2008 in Distributions
Davyd Madeley Work in Progress
Throughout free software development, GNOME is famous for its release cycle. Since version 2.0, GNOME has made two major software releases every year. This year was no exception, with both 2.22 and 2.24 releasing on time.
According to Distrowatch, almost all of the popular distributions now ship with GNOME 2.24: openSuSE, Ubuntu, Fedora, OpenSolaris, Foresight and Mandriva. Other distributions to release in 2008 (FreeBSD and Gentoo) stuck with GNOME 2.20. The delayed Debian Lenny will also release with GNOME 2.20.
Ars Technica Distros of the Year and Foresight on the Shuttle
The distributions chosen as 2008 'Distro of the Year' by Ars Technica ship with GNOME 2.24.
Foresight has been known within GNOME for some time now because of its close relationship with upstream development (in fact, the GnomeDeveloperKit is based on Foresight), however it had never really be considered a mainstream distribution. This changed in early 2008 when PC manufacturer Shuttle, known for their compact PCs, announced that their upcoming budget KPC would ship running Foresight.
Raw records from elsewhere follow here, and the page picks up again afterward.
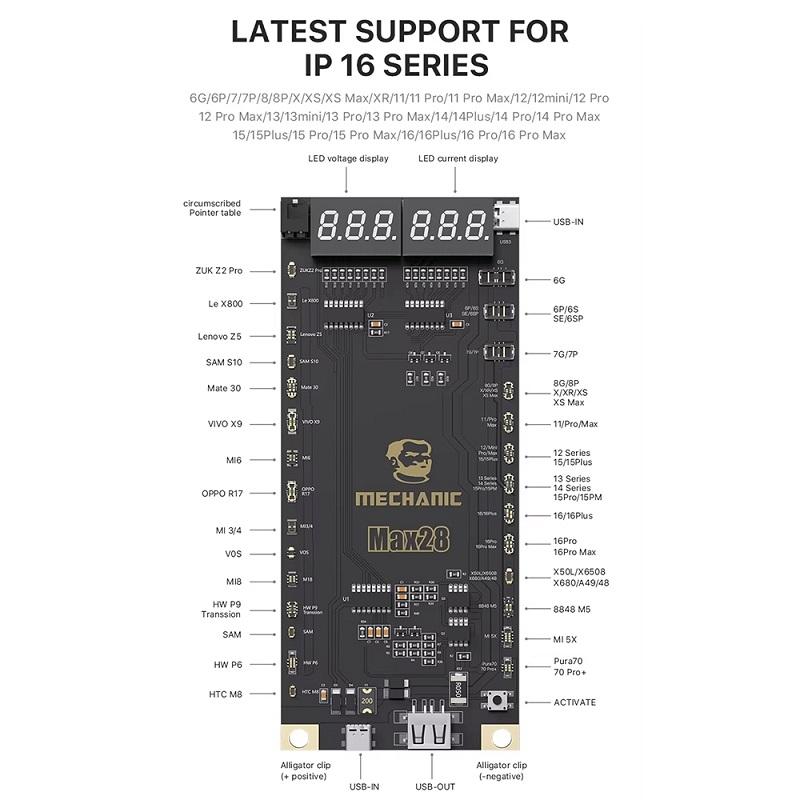 MECHANIC MAX 28 SCHEDA DI RILEVAMENTO ATTIVAZIONE BATTERIA PER APPLE IPHONE 6G - 16 PRO MAX / SAMSUNG / HUAWEI / XIAOMI / VIVO / OPPO / REALME / HTC / LENOVO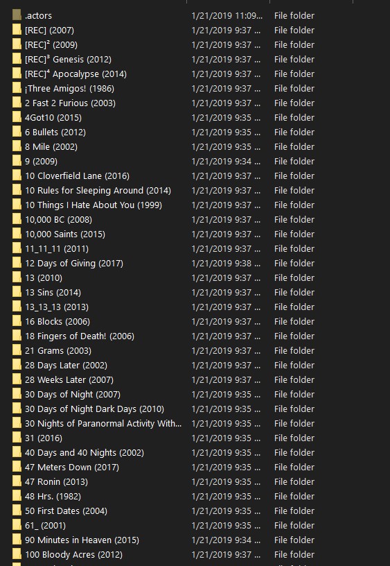 SenatorIvy 18 Posted January 18, 2019 Posted January 18, 2019 Yeah, though there are some movies that are in their own folders as well.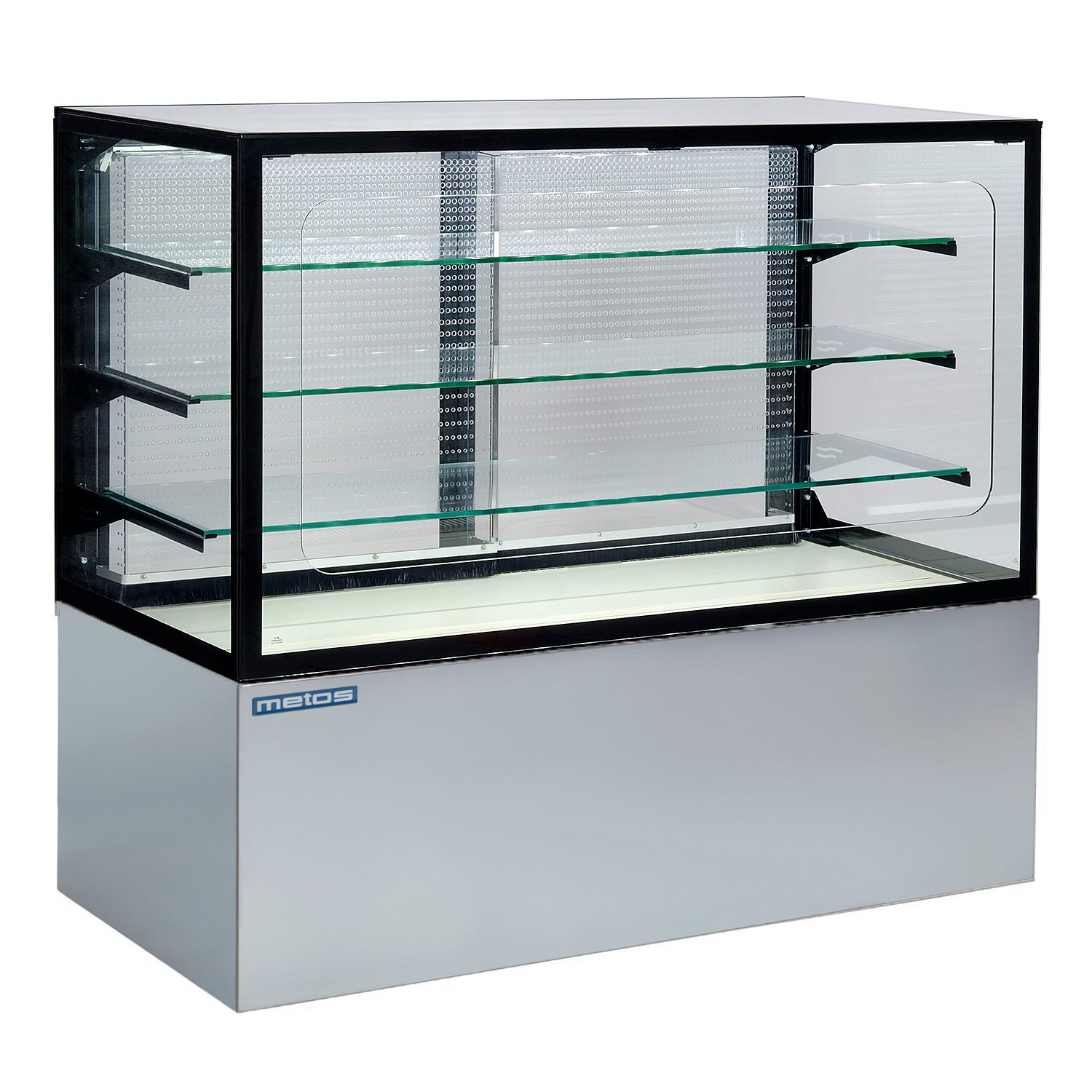 Metos Cube II 1500 -palvelulasikon yläosan led-valo sekä lasihyllyt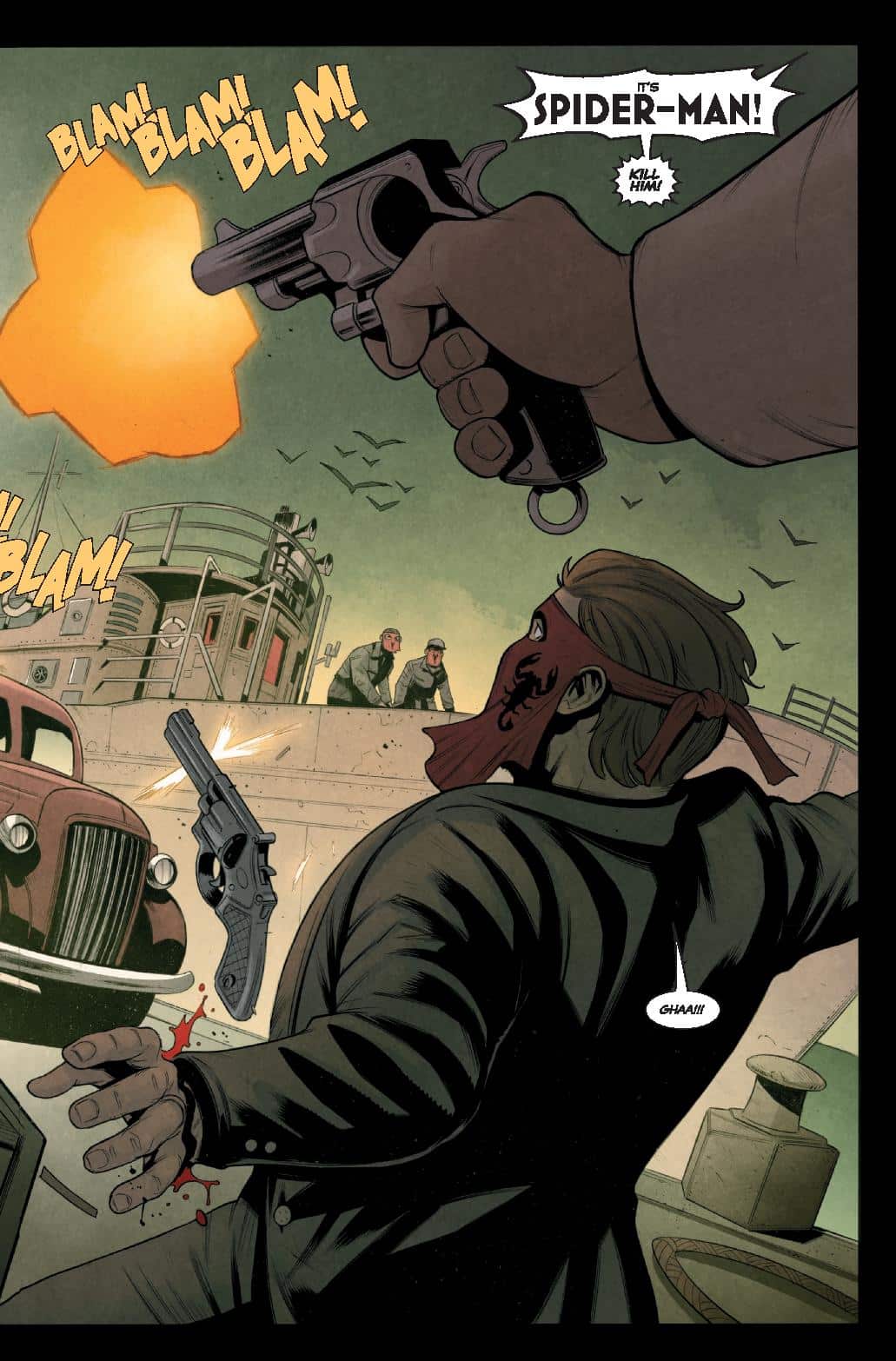 Sympathique et dynamique lancement. Erik Larsen s’empare du Spider-Man Noir, qui évoque rapidement ses errances multiverselles et qui revient chez lui. Et 1939 est une année difficile : quasi expulsé, largué par MJ, suivi par Tante May malade mais qui sait pour son identité, et sans contrat pour son job de détective privé. Il s’en prend au Scorpion Gang, dont certains meurent dans une bagarre brutale où il glisse de nombreuses piques. Il file ensuite, et a chez lui une cliente enfin : Gwen Stacy, qui veut la vérité sur son père tué aux docks alors qu’il était un policier propre, lui. Peter se lance dans l’enquête, ne comprend pas les bâtons dans les roues des policiers, puis il combat un espion nazi volant. Mais Peter comprend finalement que George Stacy était membre du Scorpion Gang, et serait mort par sa faute…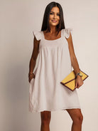 Cette élégante robe en gaze de coton, confectionnée en Italie, présente une encolure carrée flatteuse et de charmantes bretelles à volants. Conçue en taille unique, du 36 au 42, elle offre une coupe confortable et polyvalente. Idéale pour les journées chaudes, sa matière légère assure une respirabilité optimale tout en ajoutant une touche de style décontractée à votre garde-robe.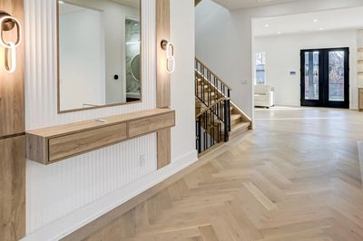 Our specialists installed hardwood flooring during the initial construction of this South Jersey mega mansion. The well known property has been described as being "fit for royalty.” We meticulously installed exquisite hardwood flooring throughout the expansive estate, ensuring the intricate patterns and inlays were installed with precision and care to enhance the mansion's luxurious aesthetic. Additionally, we installed custom wood stairs and railings that blend seamlessly with the overall design. Please take a look to see what we can do in your home.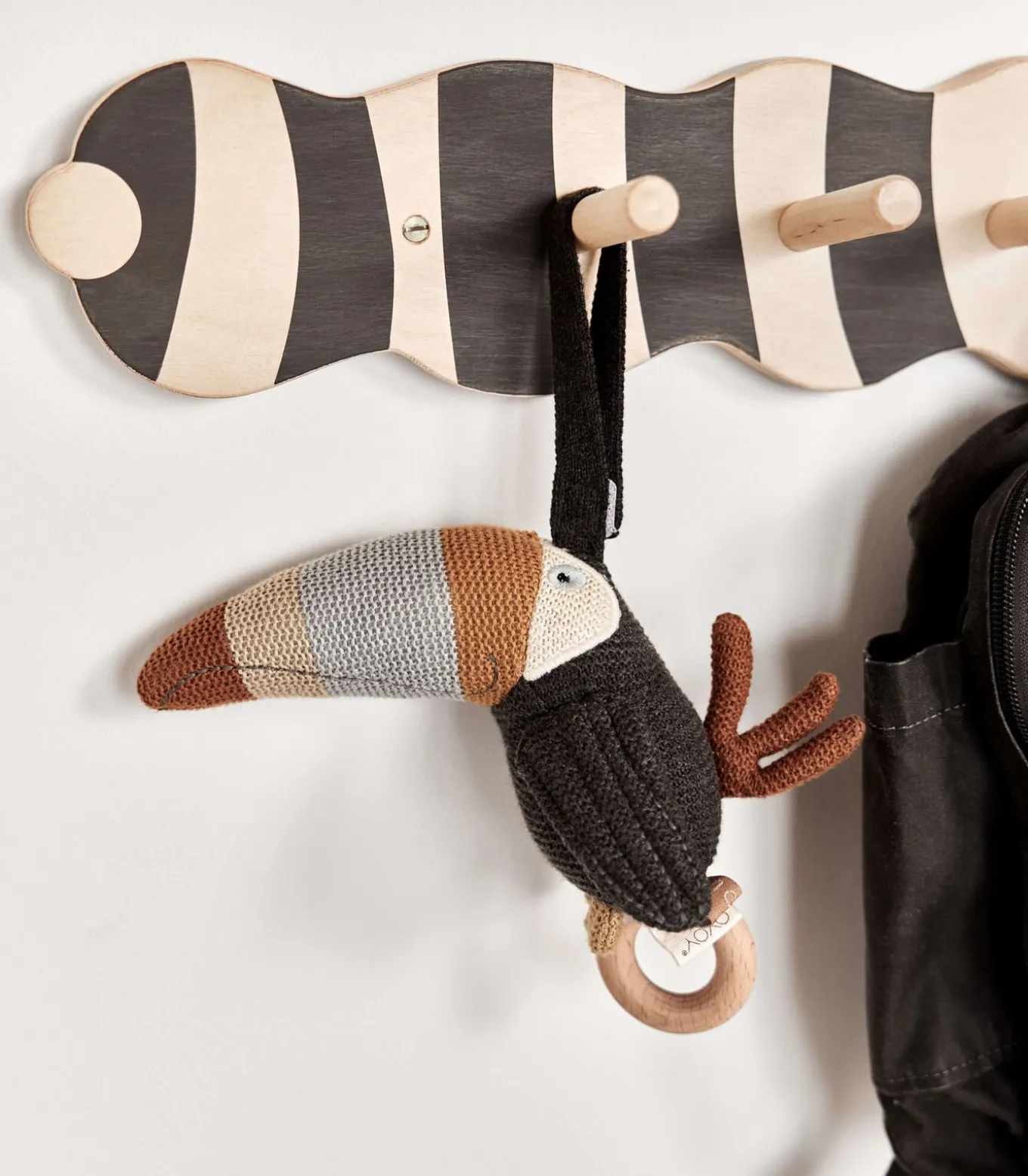 Een speels en functioneel stuk ontworpen met natuurlijke materialen. Deze Larva kapstok belichaamt niet alleen een grillig ontwerp, maar brengt ook oude vrienden van OYOY terug. Hij wordt verkocht met messing schroeven voor eenvoudige installatie en combineert naadloos speelse esthetiek met functionaliteit. Met een maximale belasting van 10 kg en 2 kg per haak is deze kapstok een perfecte mix van charme en functionaliteit.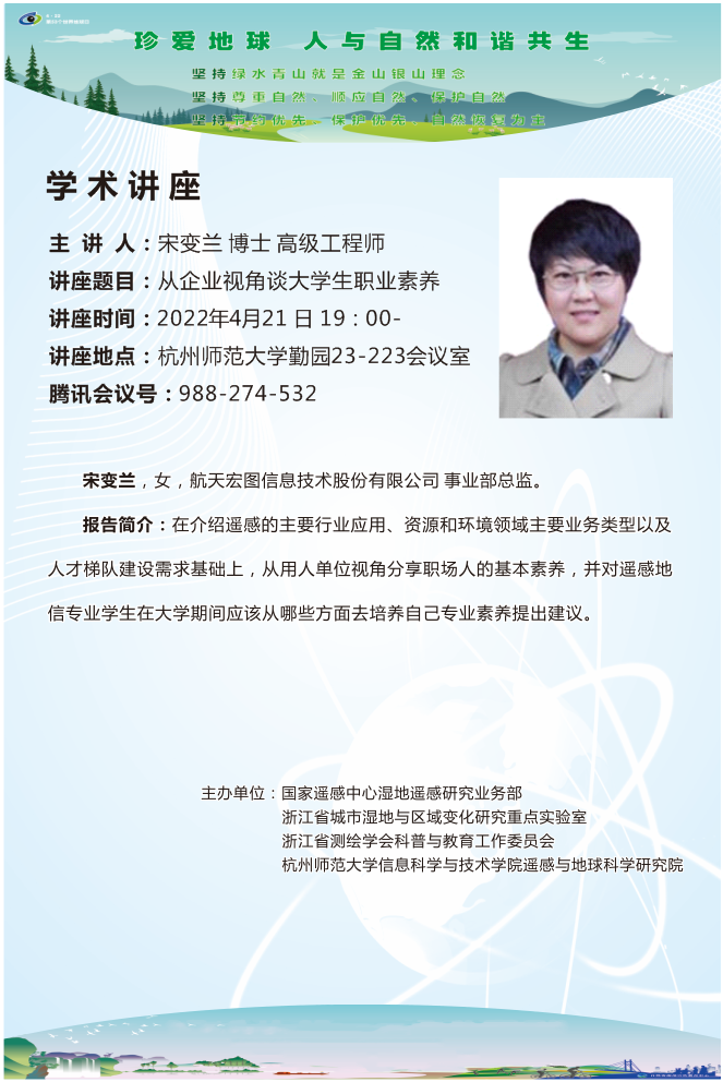 IT讲坛2022年第14期-从企业视角谈大学生职业素养 时间:2022-04-21 10:59:05 文章来源 :学科 浏览量:23 航天宏图信息技术股份有限公司 宋变兰总监 关于“从企业视角谈大学生职业素养”线上专题讲座开讲,欢迎广大师生参加。观看方法:下载腾讯会议APP或登录网页-点击加入会议-填写会议号:988-274-532点击加入会议即可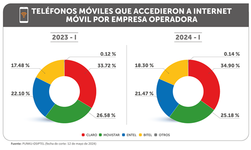 A marzo de 2024, Claro es la empresa que registra la mayor participación de mercado (34.90 %) en términos del número de teléfonos móviles que accedieron a internet móvil, seguido de Movistar con el 25.18 %, Entel (21.47 %), Bitel (18.30 %), y otras empresas (0.14 %).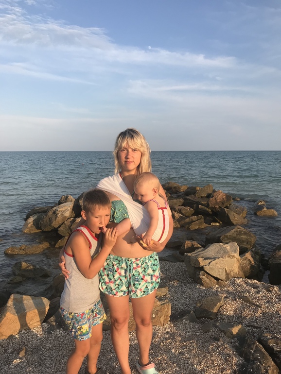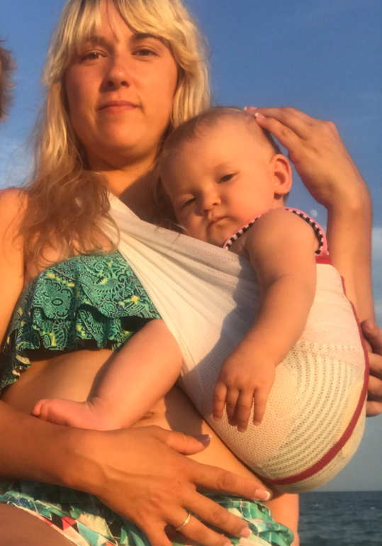 В море заходили. В водиче прохладной так не пищит, а только охает, а на руках не хочет в морьке купаться. Да и мне в слинге спокойнее в море заходить. Когда вышли - накинула на нее полотенце, полотенце впитало и можно дальше ити не снимая ляльку. Единственное что писяет в слинге и течет все если не переодеть после моря🤪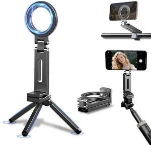Aluminum Magnetic Tripod for iPhone 17/16/15/14 Pro Max Air, 360° Adjustable for MagSafe Tripod Mount Stand, Content Creator Phone Holder Airplane Travel Essentials Accessories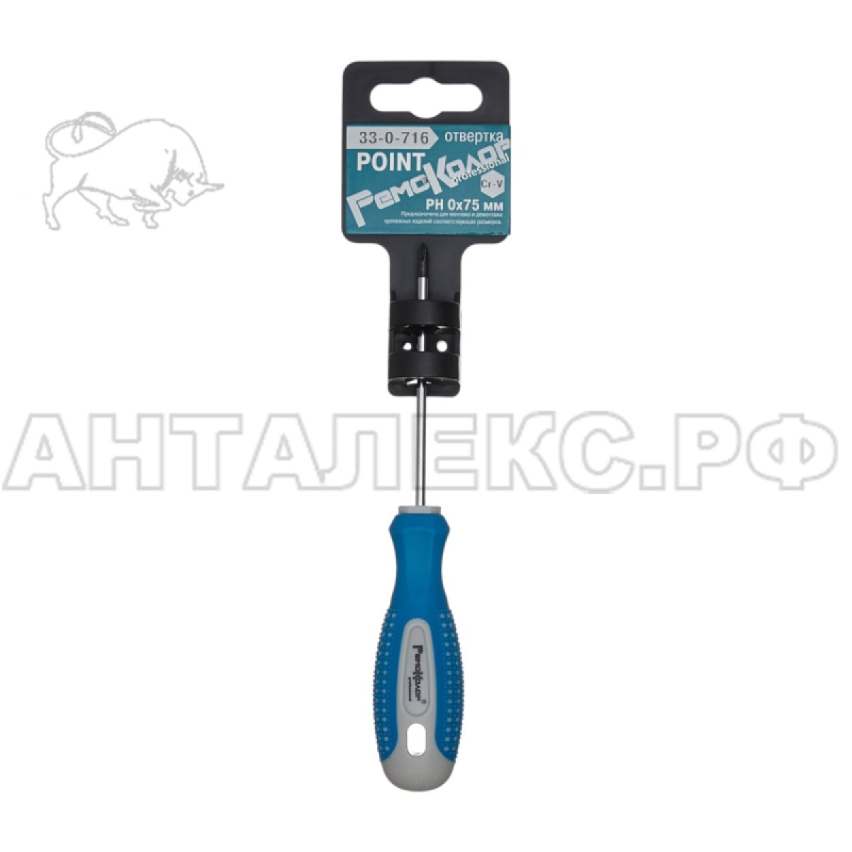 Отвертка RemoColor серии "Point" крестообразный шлиц РН №0 х 75 мм - 1 шт.

As well as core GNOME, the KPC ships with many GNOME-lover favourites including Firefox, Pidgin, Openoffice.org, Banshee, Totem and F-Spot.
OpenSUSE...
Netbook Revolution
Also new in 2008, Netbooks; lightweight, compact and inexpensive; many of these laptops ship preinstalled with some form of Linux distribution. Although these products might not run the GNOME Desktop as we know it, almost all of them utilise and depend upon GNOME technology and GNOME's platform.
The Dell Inspiron Mini 9 and Sylvania G Netbook run Ubuntu's Netbook Remix, based off Ubuntu 8.04LTS. Acer's Aspire One ships Linpus Linux Lite, which uses technology from GNOME and XFCE. The MSI Wind and HP's 2133 Mini-Note both ship SUSE Linux Enterprise Desktop. The RazorBook 400 ships with GNOME Office applications Abiword and Gnumeric.